LeetCode 209. Minimum Size Subarray Sum

Description

Given an array of n positive integers and a positive integer s, find the minimal length of a contiguous subarray of which the sum ≥ s. If there isn't one, return 0 instead.

Example:

Input: s = 7, nums = [2,3,1,2,4,3]
Output: 2
Explanation: the subarray [4,3] has the minimal length under the problem constraint.
Follow up:
If you have figured out the O(n) solution, try coding another solution of which the time complexity is O(n log n).

描述

给定一个含有 n 个正整数的数组和一个正整数 s ，找出该数组中满足其和 ≥ s 的长度最小的连续子数组。
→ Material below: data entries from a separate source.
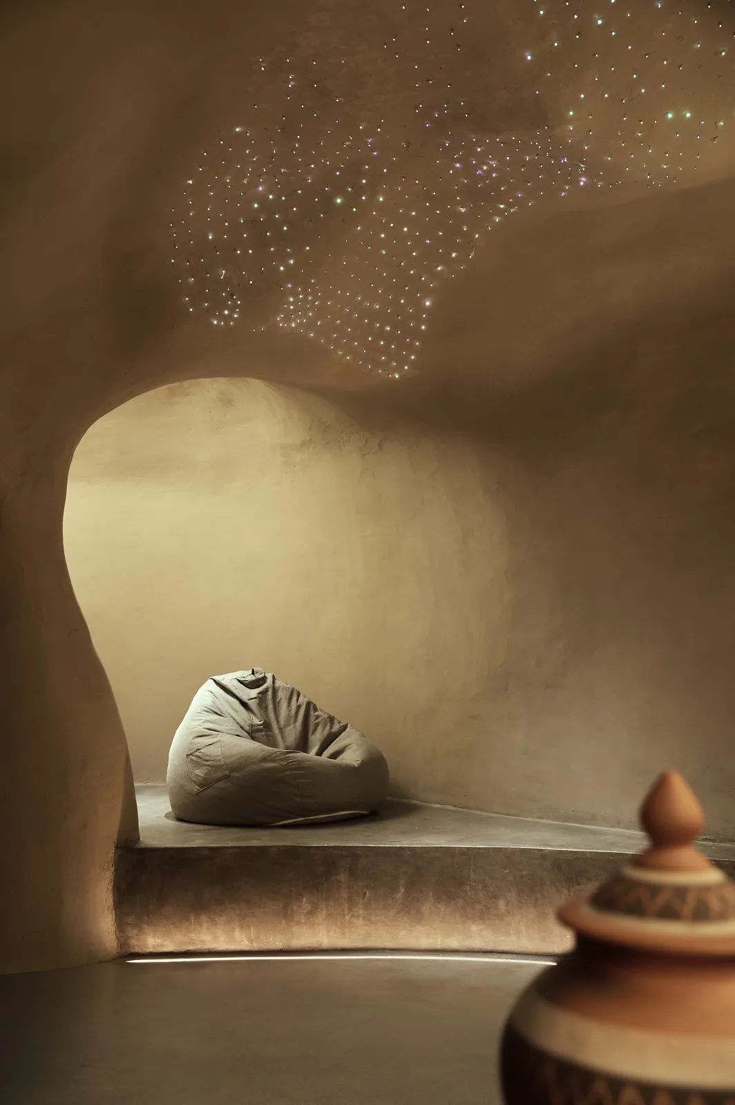 小乘佛法有曰:“諸行無常,諸法無我,涅盤寂靜?!痹O(shè)計師把當(dāng)?shù)囟U學(xué)思維影響下的裸感美學(xué)植入到設(shè)計風(fēng)格中,以純粹的質(zhì)感引領(lǐng)人們放空身心,在雨林溶洞中找回那一份靜謐安然。沿著星空的軌跡逐步深入空間,以自然之手筑起蜿蜒起伏的墻面,溫柔的色澤仿若投入大地的懷抱中,倍具安全感,原始的氣息正在喚醒內(nèi)心對自然的渴望。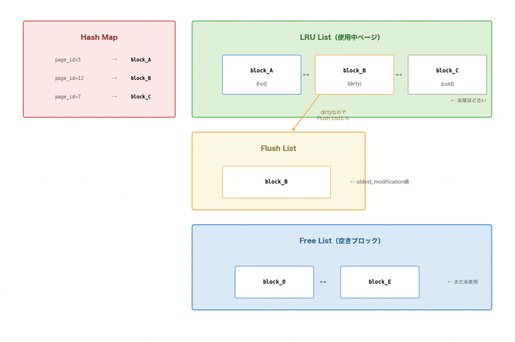 - メモリ上のデータ構造(Hash Map、LRU List、Free List、Flush List)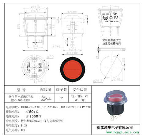 復(fù)位防水開關(guān)KDC-A05-A31F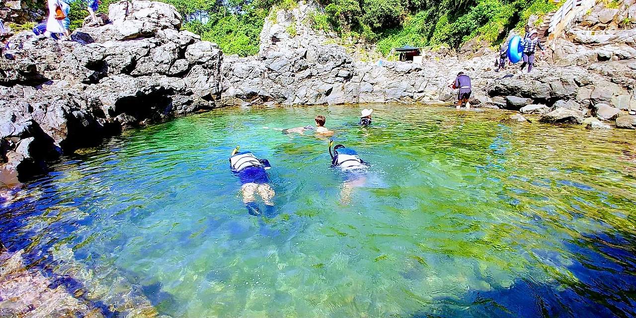 하지만 어느 지인이 간다면, 무조건 추천할 곳. 황우지 해안의 선녀탕이다. 자연이 만들어낸 수영장으로 스노클링을 하기 딱 좋다. 아이들도 머리를 물에 박고는 당최 나올 생각을 안 했던 곳. 고여 있지만 파도의 힘을 받아 자연 친화적인 파도풀이 완성되는 곳이다. 외국인들도 많이 찾고, 정말 신기해하며 즐거워하는 모습이 글로벌 spot으로도 뒤지지 않음을 증명해내고 있었다.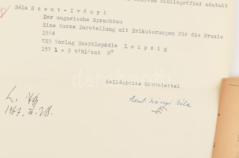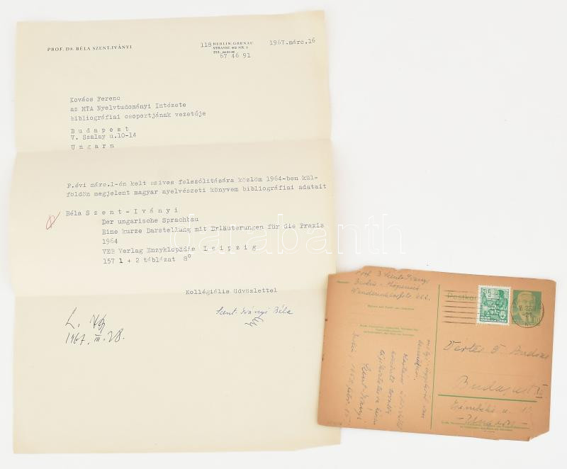 1959-1967 Prof. Dr. Szent-Iványi Béla autográf képeslapja Vértes O. András (1911-1997) nyelvész részére, és Kovács Ferenc az MTA Nyelvtudományi Intézete bibliográfiai csoportjának vezetője részére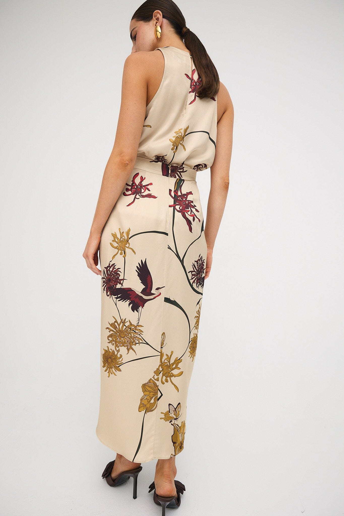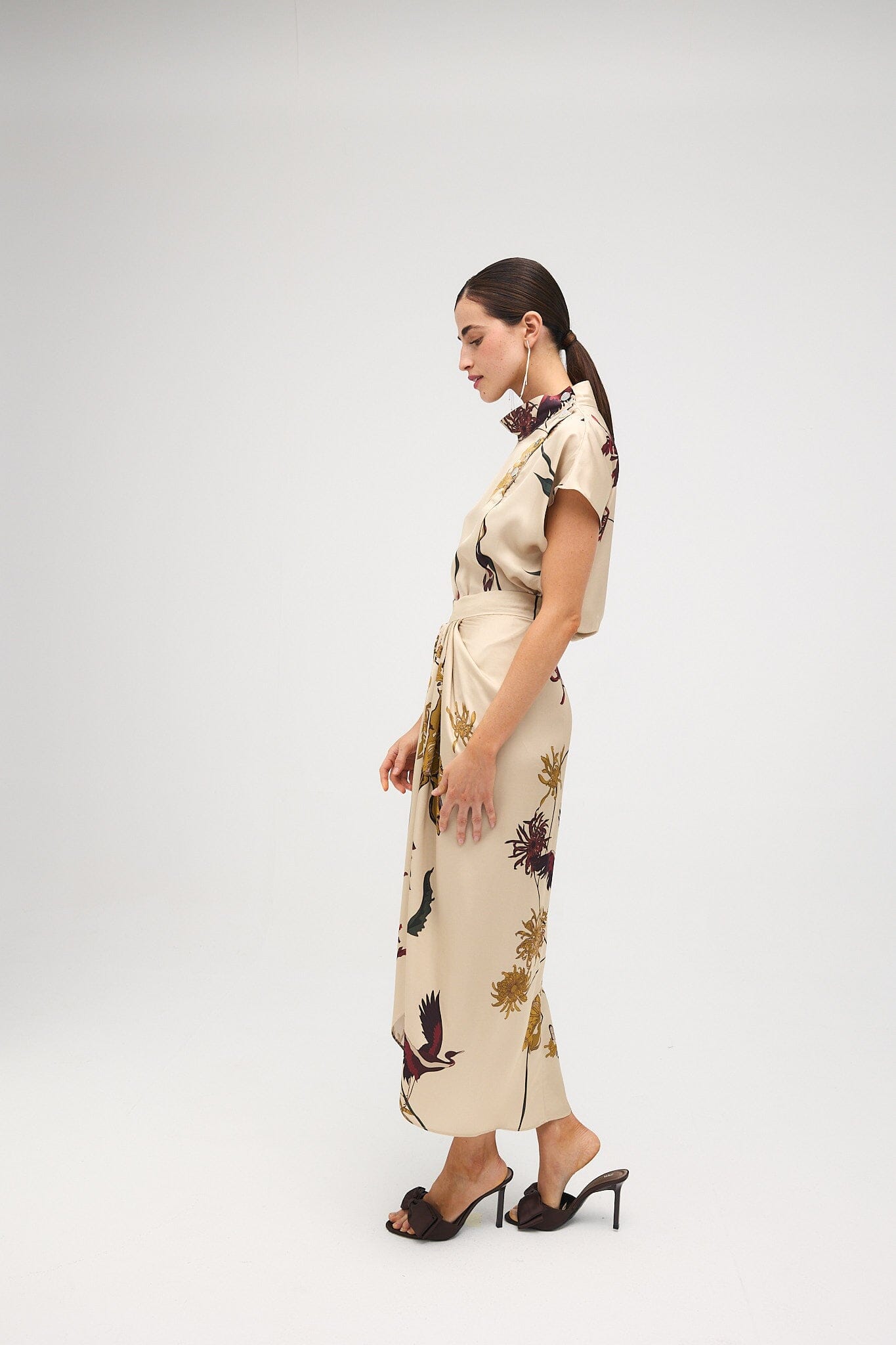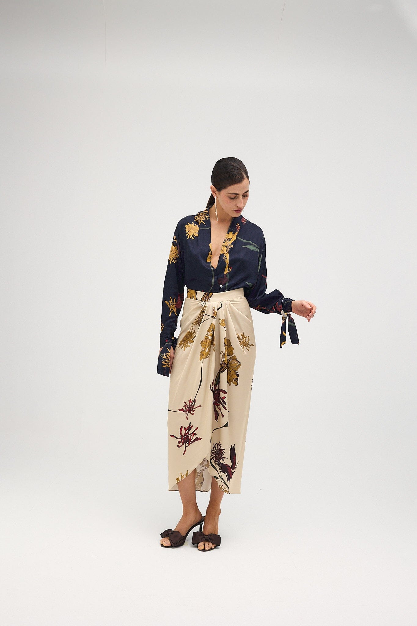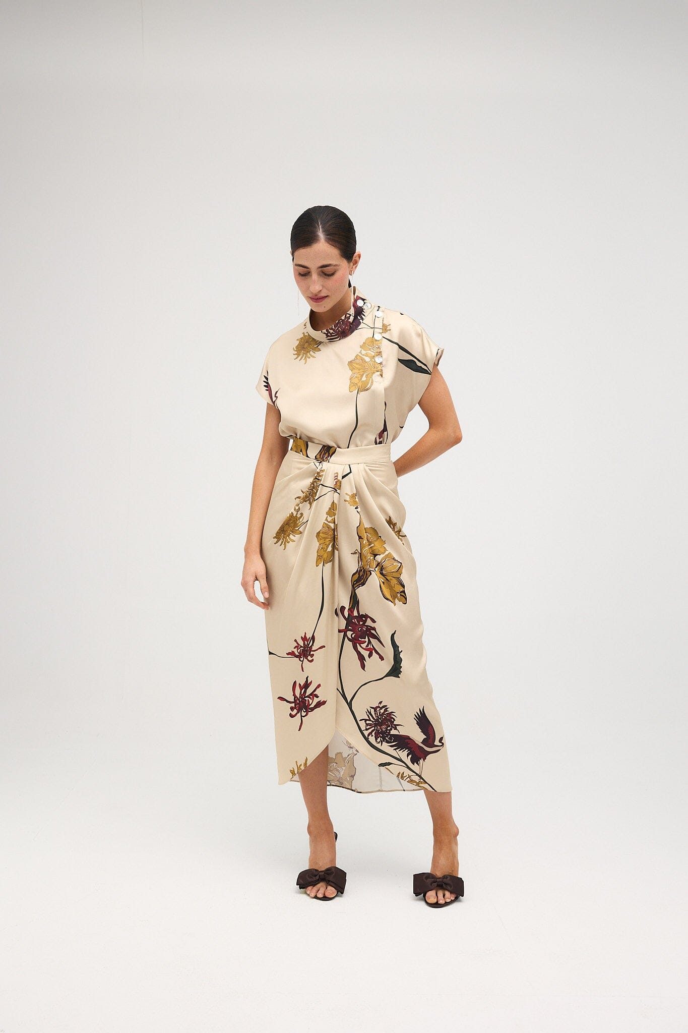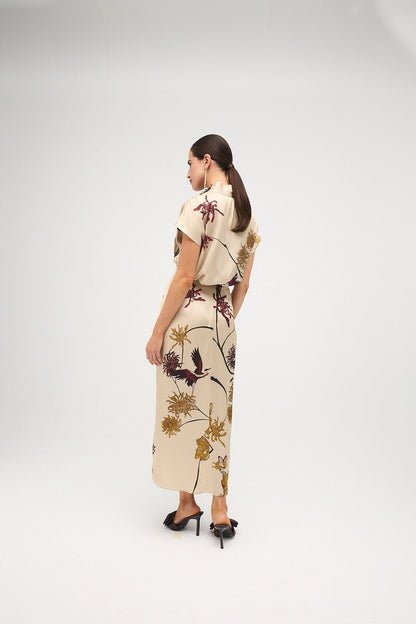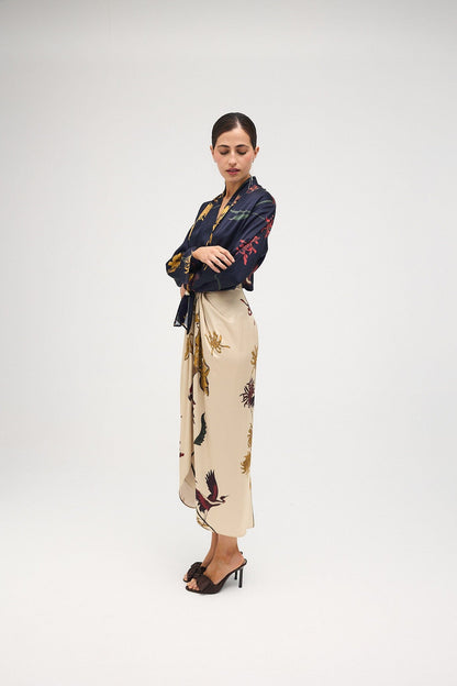 Falda midi drapeada en el centro delantero donde se cruza, dejando una abertura que permite entrever las piernas. Está cortada al bies, lo que favorece el ajuste y la adaptación al cuerpo. Cierra con cremallera en el centro de la espalda.

如果不存在符合条件的连续子数组，返回 0。

示例:

输入: s = 7, nums = [2,3,1,2,4,3]
输出: 2
解释: 子数组 [4,3] 是该条件下的长度最小的连续子数组。
进阶:

如果你已经完成了O(n) 时间复杂度的解法, 请尝试 O(n log n) 时间复杂度的解法。

思路

使用两个指针left和right，用_sum来表示当前的和. right不断向右移动，_sum累加，当_sum大于等于s的时候，left向右移动直到_sum小于s，有效长度为right-left+2,返回所有有效长度的最小值即可.

# -*- coding: utf-8 -*-
# @Author:             何睿
# @Create Date:        2019-01-22 11:37:16
# @Last Modified by:   何睿
# @Last Modified time: 2019-01-22 11:37:16

import sys


class Solution:
    def minSubArrayLen(self, s, nums):
        """
        :type s: int
        :type nums: List[int]
        :rtype: int
        """
        # 初始化长度
        length = sys.maxsize
        _sum, left, right = 0, 0, 0
        while right < len(nums):
            _sum += nums[right]
            # 如果当前的和已经大于等于s
            if _sum >= s:
                # 我们将左指针向右移动，和小于s时跳出
                while _sum >= s and left <= right:
                    _sum -= nums[left]
                    left += 1
                # 更新长度
                length = min(right - left + 2, length)
            right += 1
        # 如果length始终没有发生改变返回0，否则返回length本身
        return length if length != sys.maxsize else 0